Records supplied section start

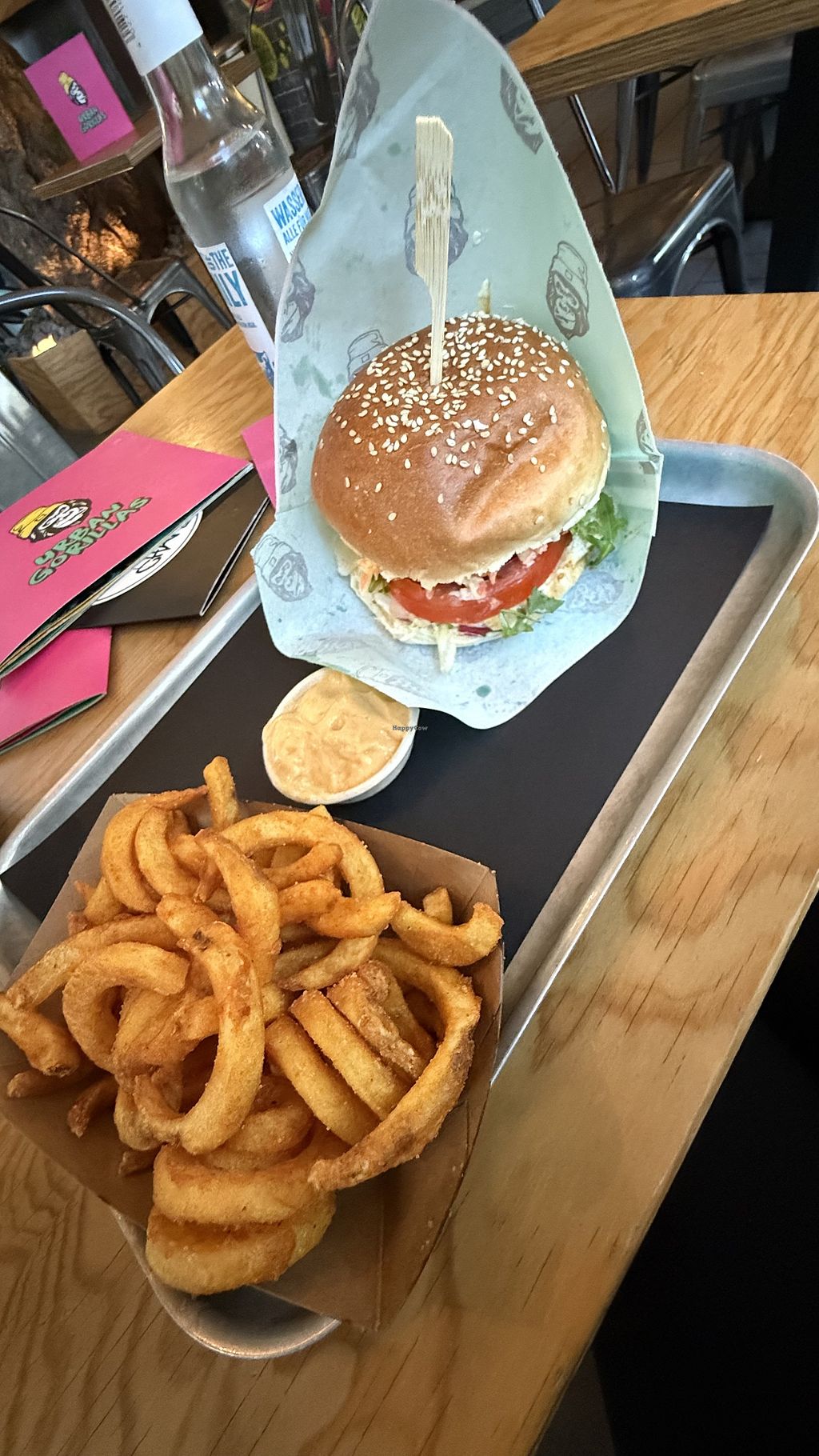 I love that it is all vegan first. I enjoyed my power burger, which had the perfect amount of spicy. The coleslaw is on the sweet side rather than vinegar but is good. My only complaint is they need more onion in their onion rings!
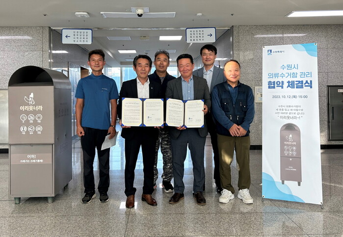 수원시는 12일 시청에서 수원시의류재활용협회와 의류수거함 관리 업무협약을 체결했다.
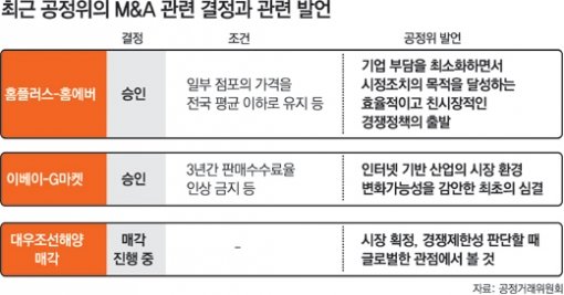 이는 2006년 이마트의 월마트 인수 때 4, 5개 지점 매각을 명령했던 것에 비하면 공정위의 정책이 얼마나 변했는지 실감하게 한다.
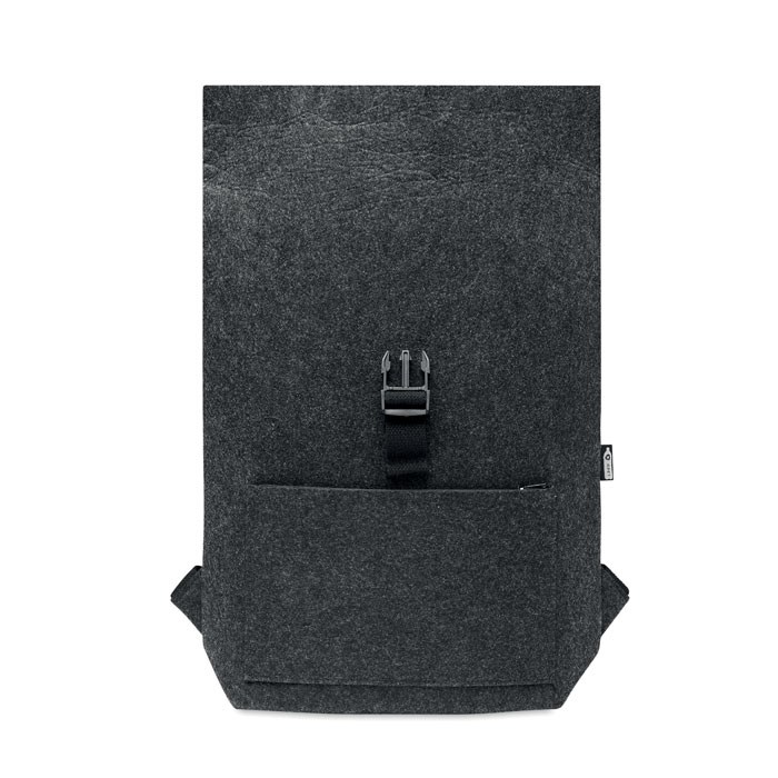 Rugzak van RPET vilt met katoenen sluitband, ritsvak aan de voorkant en een laptopcompartiment.
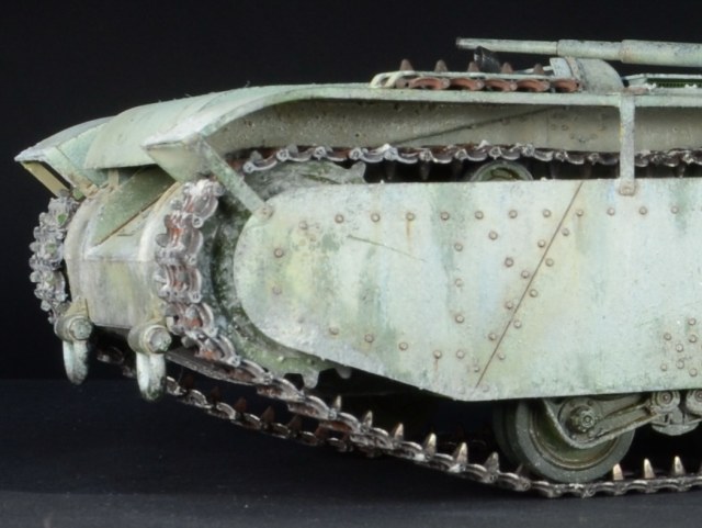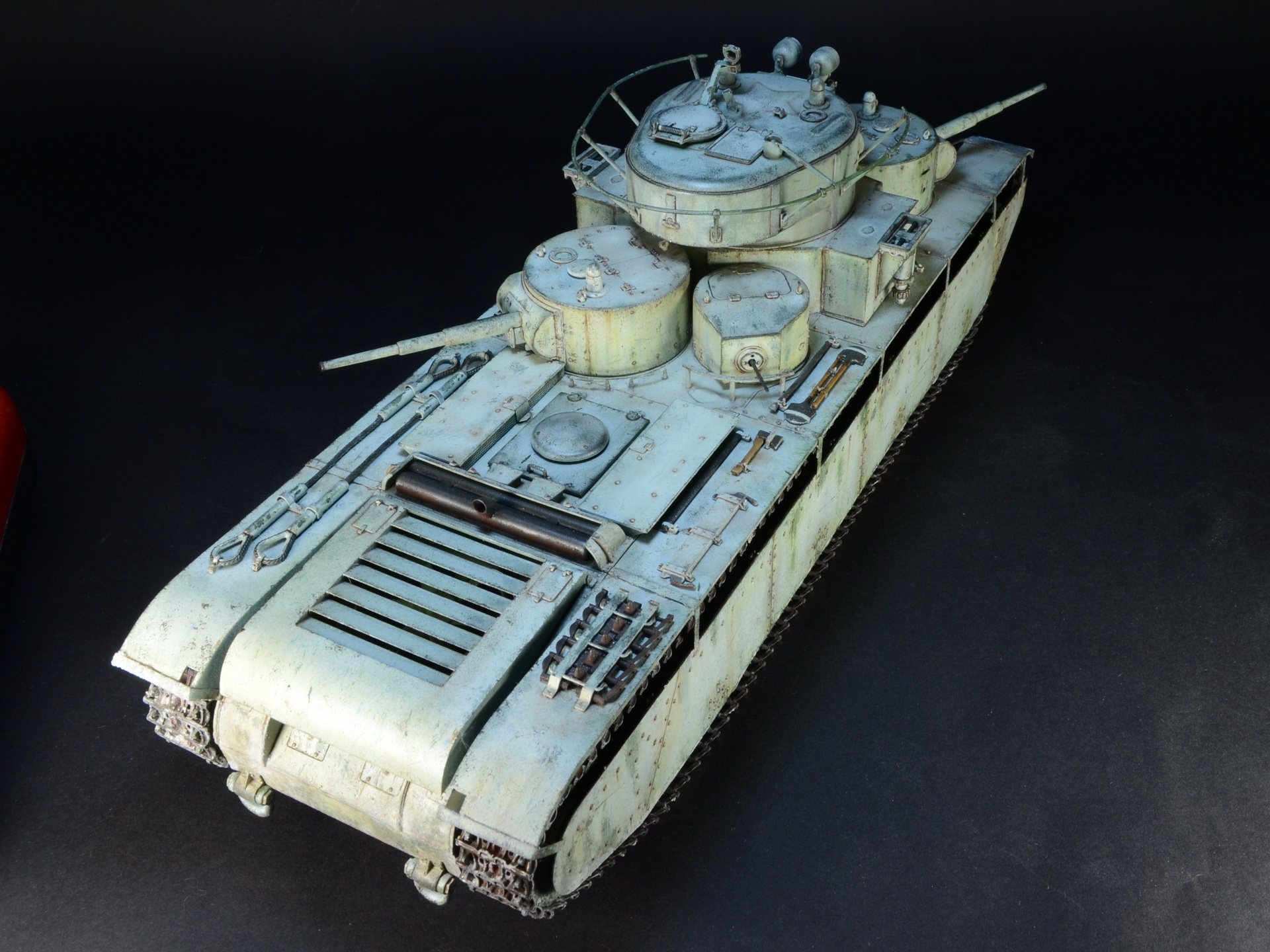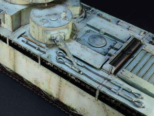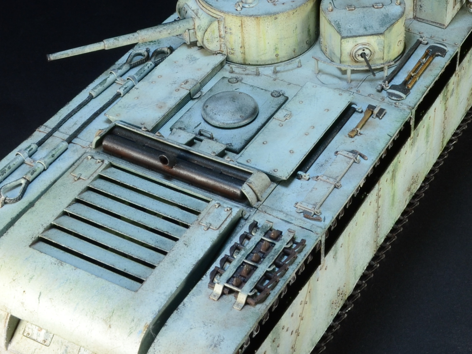 Исходником послужил набор № 83842, оставивший очень приятные впечатления от сборки. Не без придиризмов конечно: не понравилось крепление в шип с корпусом надгусеничных полок – пластик у набора довольно мягкий, а входные гнезда креплений расположены очень близко к верхним деталям корпуса. При малейшем перекосе или надавливании на полку (а полки довольно длинные), пластик в месте крепления заметно деформируется. Крепление бортовых экранов к переборкам в этом наборе абсолютно не копийно (если надумается собрать т-35 с сорванными или демонтированными экранами), при этом очень удачно выполнены тележки с опорными катками. Необходима значительная обрезка (подгонка) травленых полос крепления бортовых экранов с двух сторон надгусеничных полок (очень переразмерены).
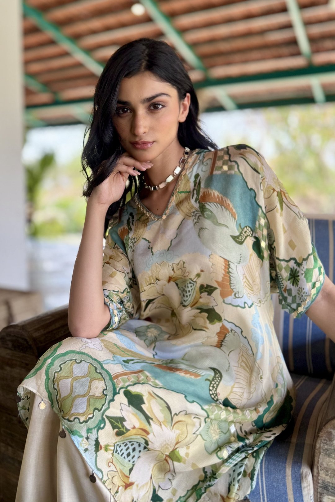 Beige V-Neck Embellished Print Co-Ord Set

Records supplied section end

### How to complete this task:
Please print the lines above exactly, beginning at the first line of the entries and ending at the line holding "이는 2006년 이마트의", and leave the pictures out.

### Answer to this exercise:
 I love that it is all vegan first. I enjoyed my power burger, which had the perfect amount of spicy. The coleslaw is on the sweet side rather than vinegar but is good. My only complaint is they need more onion in their onion rings!
 수원시는 12일 시청에서 수원시의류재활용협회와 의류수거함 관리 업무협약을 체결했다.
 이는 2006년 이마트의 월마트 인수 때 4, 5개 지점 매각을 명령했던 것에 비하면 공정위의 정책이 얼마나 변했는지 실감하게 한다.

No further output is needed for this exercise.